The changes affect about 7 generations of AMD chipsets and it would be very difficult to test them all, especially without having the hardware. But then Martin Roth surprised me again quite a bit. He came up with the idea of using the idle time of Sage‘s test department for flashrom testing. He did also convince his boss and has arranged for everything else and so we are now able to send test assignments directly to Sage’s test apartment and they will come back to us when they have had time to do it – awesome. The first round showed (apart from a few cosmetic problems) that my chipset generation detection works fine, but we decided to postpone the whole AMD patch set and release 0.9.7 without it. It just changes too much and there is a huge potential for regressions. Unlike coreboot flashrom is shipped by a wide range of distributors, from the big daily-use distributions like Ubuntu, Fedora, Arch etc. to rescue and disaster recovery tools like SystemRescueCd and grml. Also, it is quite easy for end users to shoot themselves in the foot with flashrom and we don’t want to make that worse by shipping code that we suspect to have regressions. In 0.9.7 we will only detect Yangtze and bail out.

We will use git!

But not as our main VCS. I am preparing better git support in our build system though. David Hendricks has written a patch long ago that adds way more detailed version information to builds and which had also some support for git-svn. I have reworked his script and it just needs a bit more of testing before we decide on the final version information to be printed on runtime. The output of my current prototype looks like this:

flashrom v0.9.7-r1706-b75bc95-6-dirty available from git@github.com:stefanct/flashrom.git git, modified 2013-08-12T02:19:39+0200 on Linux 3.8.0-6-generic (x86_64)
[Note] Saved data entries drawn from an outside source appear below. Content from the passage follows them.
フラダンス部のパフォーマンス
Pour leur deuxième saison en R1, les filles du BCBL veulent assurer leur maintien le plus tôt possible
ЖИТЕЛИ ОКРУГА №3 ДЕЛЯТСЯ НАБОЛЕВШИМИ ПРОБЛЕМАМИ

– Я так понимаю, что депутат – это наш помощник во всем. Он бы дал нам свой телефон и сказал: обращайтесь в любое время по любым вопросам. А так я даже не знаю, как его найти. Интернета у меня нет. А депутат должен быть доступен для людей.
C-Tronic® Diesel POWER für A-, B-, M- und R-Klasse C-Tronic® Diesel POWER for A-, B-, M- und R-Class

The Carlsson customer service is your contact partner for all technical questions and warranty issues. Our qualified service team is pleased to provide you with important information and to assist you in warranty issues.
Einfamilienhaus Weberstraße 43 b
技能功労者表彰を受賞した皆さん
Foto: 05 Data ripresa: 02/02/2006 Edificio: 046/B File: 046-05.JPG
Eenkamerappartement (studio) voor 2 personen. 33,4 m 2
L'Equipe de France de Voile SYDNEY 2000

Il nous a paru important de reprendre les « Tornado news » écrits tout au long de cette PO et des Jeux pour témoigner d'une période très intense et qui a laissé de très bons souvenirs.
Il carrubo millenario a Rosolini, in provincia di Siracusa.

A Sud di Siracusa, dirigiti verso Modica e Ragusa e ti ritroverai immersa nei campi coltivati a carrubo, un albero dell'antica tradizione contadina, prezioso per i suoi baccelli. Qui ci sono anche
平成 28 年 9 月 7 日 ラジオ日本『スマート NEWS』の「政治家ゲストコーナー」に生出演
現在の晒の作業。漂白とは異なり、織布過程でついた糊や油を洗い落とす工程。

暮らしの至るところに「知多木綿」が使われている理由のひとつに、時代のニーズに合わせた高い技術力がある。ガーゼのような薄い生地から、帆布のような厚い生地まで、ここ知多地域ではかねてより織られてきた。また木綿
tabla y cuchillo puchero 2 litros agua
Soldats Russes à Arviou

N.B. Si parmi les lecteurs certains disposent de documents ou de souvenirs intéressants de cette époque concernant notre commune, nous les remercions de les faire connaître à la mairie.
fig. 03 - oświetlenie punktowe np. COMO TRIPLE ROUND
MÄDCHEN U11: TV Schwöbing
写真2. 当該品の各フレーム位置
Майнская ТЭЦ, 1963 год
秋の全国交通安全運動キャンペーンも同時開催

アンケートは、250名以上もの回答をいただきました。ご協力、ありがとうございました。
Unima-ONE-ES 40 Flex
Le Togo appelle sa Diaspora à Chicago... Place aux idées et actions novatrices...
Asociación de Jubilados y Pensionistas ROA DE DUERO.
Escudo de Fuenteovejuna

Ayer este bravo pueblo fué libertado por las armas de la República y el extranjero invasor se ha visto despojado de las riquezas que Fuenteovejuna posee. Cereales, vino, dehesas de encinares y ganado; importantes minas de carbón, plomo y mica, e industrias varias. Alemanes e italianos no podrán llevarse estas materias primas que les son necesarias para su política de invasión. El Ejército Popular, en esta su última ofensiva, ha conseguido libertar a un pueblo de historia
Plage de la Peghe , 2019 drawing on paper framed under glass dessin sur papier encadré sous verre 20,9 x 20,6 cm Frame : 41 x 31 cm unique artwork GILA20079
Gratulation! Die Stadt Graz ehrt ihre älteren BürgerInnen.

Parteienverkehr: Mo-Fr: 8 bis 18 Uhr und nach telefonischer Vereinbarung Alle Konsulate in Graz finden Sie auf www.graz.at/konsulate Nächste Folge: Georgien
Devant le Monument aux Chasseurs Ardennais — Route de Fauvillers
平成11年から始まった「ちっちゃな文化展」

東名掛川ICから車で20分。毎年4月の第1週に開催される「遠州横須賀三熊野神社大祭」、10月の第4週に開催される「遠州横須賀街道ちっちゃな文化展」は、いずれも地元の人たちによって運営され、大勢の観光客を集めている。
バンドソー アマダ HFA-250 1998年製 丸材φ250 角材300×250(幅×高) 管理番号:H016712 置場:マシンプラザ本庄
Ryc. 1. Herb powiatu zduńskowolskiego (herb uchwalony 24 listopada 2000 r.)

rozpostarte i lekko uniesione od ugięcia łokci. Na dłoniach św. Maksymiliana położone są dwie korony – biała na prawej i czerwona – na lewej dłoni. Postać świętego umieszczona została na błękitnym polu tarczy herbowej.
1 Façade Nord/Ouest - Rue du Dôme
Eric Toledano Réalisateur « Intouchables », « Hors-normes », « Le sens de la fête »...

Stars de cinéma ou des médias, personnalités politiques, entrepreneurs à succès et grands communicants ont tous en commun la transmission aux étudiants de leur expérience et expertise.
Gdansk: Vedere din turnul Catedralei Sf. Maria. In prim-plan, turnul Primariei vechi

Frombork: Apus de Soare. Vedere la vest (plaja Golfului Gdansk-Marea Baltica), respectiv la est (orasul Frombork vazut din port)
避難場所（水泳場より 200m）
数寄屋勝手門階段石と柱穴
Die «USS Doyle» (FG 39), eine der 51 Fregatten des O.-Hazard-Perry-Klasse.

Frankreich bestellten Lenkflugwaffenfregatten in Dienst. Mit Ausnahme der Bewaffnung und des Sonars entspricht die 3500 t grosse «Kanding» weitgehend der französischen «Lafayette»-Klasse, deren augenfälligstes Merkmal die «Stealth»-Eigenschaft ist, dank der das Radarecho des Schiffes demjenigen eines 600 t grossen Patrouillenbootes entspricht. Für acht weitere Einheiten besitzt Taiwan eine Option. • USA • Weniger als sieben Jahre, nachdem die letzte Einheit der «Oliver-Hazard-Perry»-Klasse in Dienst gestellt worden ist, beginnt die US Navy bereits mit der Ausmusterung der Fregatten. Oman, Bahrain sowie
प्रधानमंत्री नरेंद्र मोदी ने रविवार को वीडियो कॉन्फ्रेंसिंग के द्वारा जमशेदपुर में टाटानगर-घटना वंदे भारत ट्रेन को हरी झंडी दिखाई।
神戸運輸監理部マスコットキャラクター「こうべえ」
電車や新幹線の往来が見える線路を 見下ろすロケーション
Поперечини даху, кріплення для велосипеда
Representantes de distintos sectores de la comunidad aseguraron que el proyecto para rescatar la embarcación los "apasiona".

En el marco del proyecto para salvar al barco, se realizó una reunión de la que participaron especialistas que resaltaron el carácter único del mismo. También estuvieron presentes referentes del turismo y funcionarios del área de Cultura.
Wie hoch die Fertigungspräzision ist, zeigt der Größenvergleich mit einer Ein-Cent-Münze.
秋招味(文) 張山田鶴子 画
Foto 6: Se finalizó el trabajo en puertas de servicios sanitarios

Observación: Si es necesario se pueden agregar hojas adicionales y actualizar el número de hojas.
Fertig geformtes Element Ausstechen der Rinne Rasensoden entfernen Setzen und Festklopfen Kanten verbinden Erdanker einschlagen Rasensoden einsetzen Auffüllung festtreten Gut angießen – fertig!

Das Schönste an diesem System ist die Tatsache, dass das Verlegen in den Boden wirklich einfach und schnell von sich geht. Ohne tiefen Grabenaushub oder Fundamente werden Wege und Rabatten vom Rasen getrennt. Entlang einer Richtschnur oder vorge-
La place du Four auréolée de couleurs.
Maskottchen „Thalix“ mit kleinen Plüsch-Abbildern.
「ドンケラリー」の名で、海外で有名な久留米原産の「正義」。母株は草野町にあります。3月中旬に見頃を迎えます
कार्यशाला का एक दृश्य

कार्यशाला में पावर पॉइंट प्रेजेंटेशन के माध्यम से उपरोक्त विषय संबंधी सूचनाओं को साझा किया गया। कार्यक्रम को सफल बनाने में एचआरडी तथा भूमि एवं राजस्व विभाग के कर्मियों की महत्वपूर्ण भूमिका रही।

Separated by hyphens it prints the (traditional) stable version of flashrom, the svn revision (on native and cloned git-svn repositories too), the git hash of the last commit, the number of patches since the last upstream/subversion commit, and a dirty flag in case of uncommitted changes in the working directory. It also tries to find a remote repository that contains the last commit and prints its URL and the commit date (or the current date for dirty repositories). This should make it way easier to interpret log files and ends the era of “-runknown” prints.

Buildbot

Our buildbot is slowly getting into shape thanks to the server space provided by Anton Kochkov and the time Carl-Daniel invested into building cross compilers and setting up virtual machines. I have migrated it to a shared directory and be able to push a local git commit to it and let it build it by just issuing a single command, yay. We still need a better interface for it – currently there is only an nginx autoindex of the generated files, and we need to hook it up in subversion to get automatic builds on commits, but I really like it already.